_Task goal_
Nothing after the line with "11月4日,游客在昆明滇池海埂遊船上觀賞紅嘴鷗。" belongs in the copy; extract the lines below from the top through that line, pictures left out.

»»

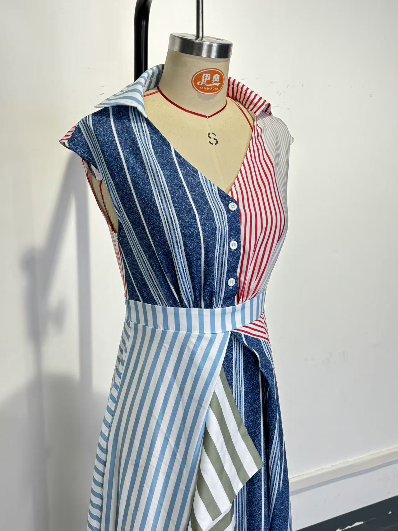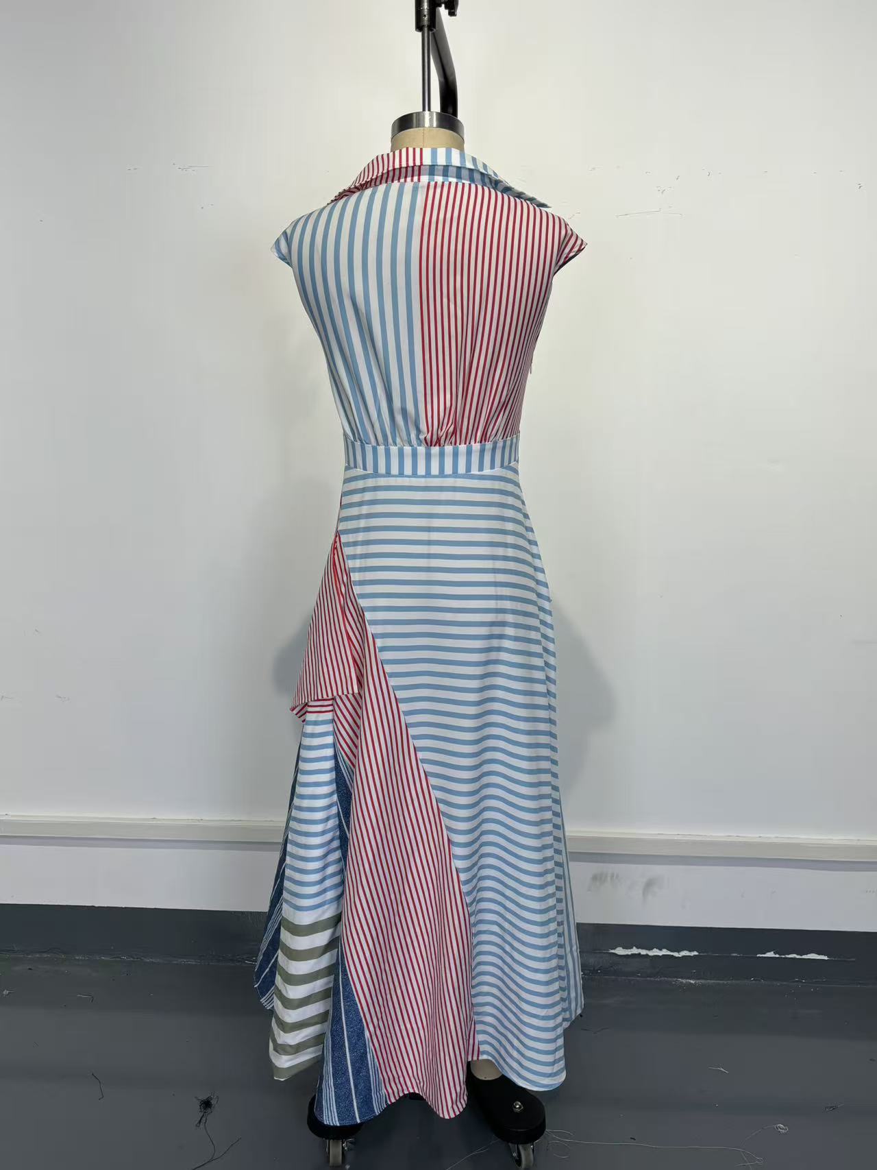 Women Clothes Cool Contrast Color Patchwork Stripes V neck Dress Irregular Asymmetric Cinched A line Dress
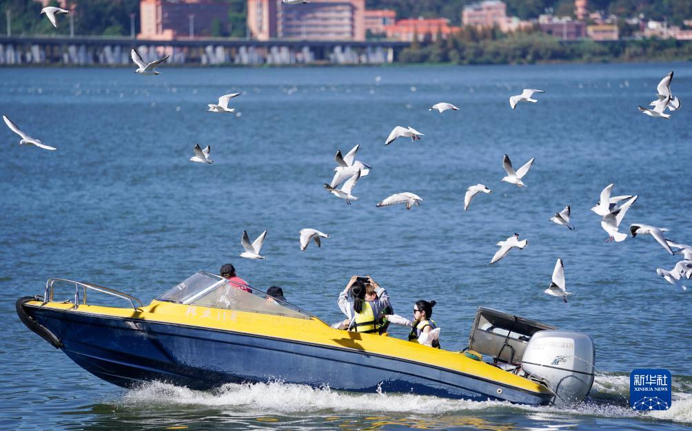 11月4日,游客在昆明滇池海埂遊船上觀賞紅嘴鷗。
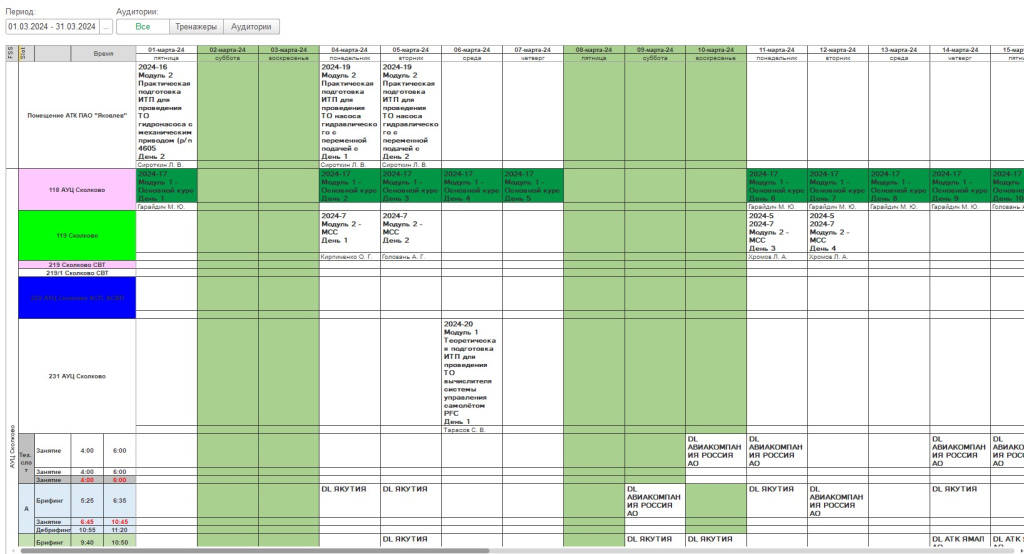 Особенностью проекта также стал спроектированный (UX/UI) и разработанный интерактивный интерфейс для управления и планирования расписания и занятости тренажеров в графическом онлайн режиме, изменения расписания занятий и использования аудиторий, а также были учтены особенности планирования занятий на полнопилотажных тренажерах.
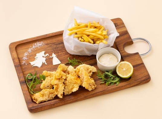 舞台であるイギリス発祥の「フィッシュアンドチップス」。サクサクにフライした白身魚とフライドポテトをタルタルソースを添えて提供します。
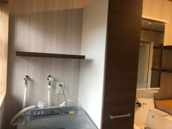 洗濯機上と、タンスの上には、洗面台の扉カラーと同色のインテリア収納棚を取付けました。

««

_Response to this exercise_
 Women Clothes Cool Contrast Color Patchwork Stripes V neck Dress Irregular Asymmetric Cinched A line Dress
 11月4日,游客在昆明滇池海埂遊船上觀賞紅嘴鷗。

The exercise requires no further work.